The protester also contended that [REDACTED] changed the square footage value on the form and did not make any substantive changes to its proposal to reflect the changed value. Comments & Supp. Protest at 18-19. The agency provided a substantive response to the protest argument, but LT4-5 did not respond to the agency’s arguments in its comments on the supplemental agency report. Thus, we dismiss this allegation as abandoned. Medical Staffing Sols. USA, B-415571, B-415571.2, Dec. 13, 2017, 2017 CPD ¶ 384 at 3

[7] Further, regarding the argument that the property adjacent to [REDACTED]’s proposed parcel would restrict access to [REDACTED]’s property during a flood, the RLP makes clear that the determination of whether such adjacency would restrict ingress or egress is to be determined by the government, and not the offeror. RLP at 9. Here, LT4-5’s insistence to the contrary does not show the agency’s conclusions in this regard were unreasonable.

[8] The protester also argues that the VA failed to adequately document the evaluation. Comments & Supp. Protest at 20. We disagree. An agency’s evaluation must be sufficiently documented to allow our Office to review the merits of a protest.
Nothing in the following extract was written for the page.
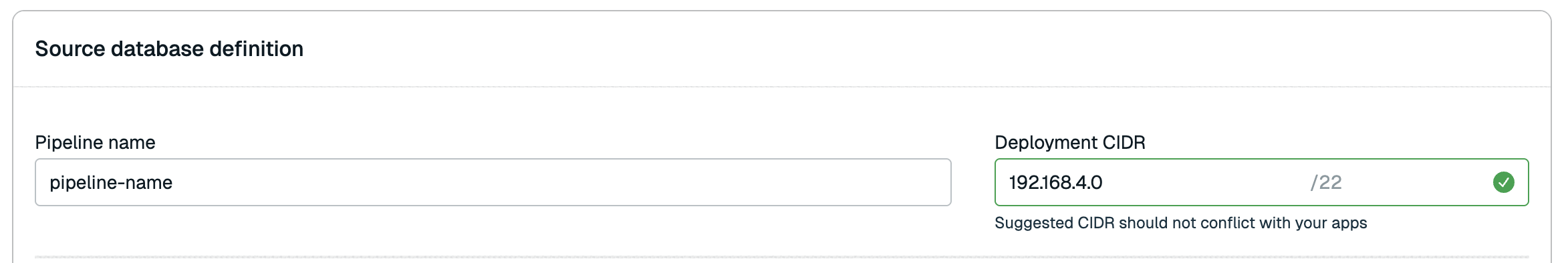 A Deployment CIDR is automatically generated for you. If, for any reason, a CIDR is not generated, enter a valid CIDR that does not conflict with your applications or other databases.

Starlight Corp., B‑420267.3, B‑420267.4, Mar. 14, 2022, 2022 CPD ¶ 65 at 4. Stated differently, an agency’s evaluation judgments must be documented in sufficient detail to show that they are reasonable. Blueprint Consulting Servs., LLC d/b/a Excelicon; Trillion ERP Venture Tech LLC, B420190 et al., Dec. 30, 2021, 2021 CPD ¶ 19 at 12. Although LT4-5 would prefer to have more information regarding the agency’s evaluation, the information provided by the VA in response to this protest adequately documented the agency’s determination that [REDACTED]’s proposal was acceptable. In this regard, the agency’s record includes the TEB’s evaluation of [REDACTED]’s proposal and the contracting officer’s correspondence with [REDACTED] about areas of concern within its proposal. See AR, Exh. 3, Submittal Checklist; AR, Exh. 9, TEB Evaluation at 16-17; Exh. 5, [REDACTED] Proposal at 674-695, 708-710, 722-725.